What vacuum level is required for optimal ADEPT-1010 performance?

The instrument requires a base pressure ≤1×10⁻⁹ Torr, achieved via turbomolecular pumping supplemented by cryogenic trapping. Residual gas analysis confirms H₂O and CO partial pressures remain below 1×10⁻¹¹ Torr during analysis.
Can the ADEPT-1010 perform static SIMS measurements?

No—the ADEPT-1010 is specifically configured for dynamic SIMS operation. Static SIMS (low-dose, surface-sensitive mode) requires ultra-low beam currents (<10⁻¹² A) and time-of-flight detection, which are not supported by this quadrupole platform.
Is depth resolution affected by primary beam energy selection?

Yes. Lower beam energies (e.g., 0.25–1 keV) generally improve depth resolution in shallow profiles (<5 nm), while higher energies (≥5 keV) increase sputter rate at the expense of interface broadening due to increased ion implantation and mixing.
How is quantification performed without matrix-matched standards?

Relative sensitivity factors (RSFs) derived from certified reference materials (e.g., NIST SRM 2137 for Si-based systems) are applied.

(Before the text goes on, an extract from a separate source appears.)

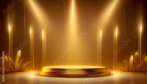 Product display presentation on luxury gold empty podium stand with shiny particles glamor to showcase stage advertising for cosmetics and beauty. Shining scene. Beautiful background. Generative AI

For non-standard matrices, RSF interpolation using elemental periodic trends and published literature values is supported within MultiPak™.
Does the system support automated wafer handling?

Yes—optional robotic load-lock integration enables unattended analysis of up to 25 standard 100–300 mm wafers per run, with integrated pattern recognition for die-level targeting.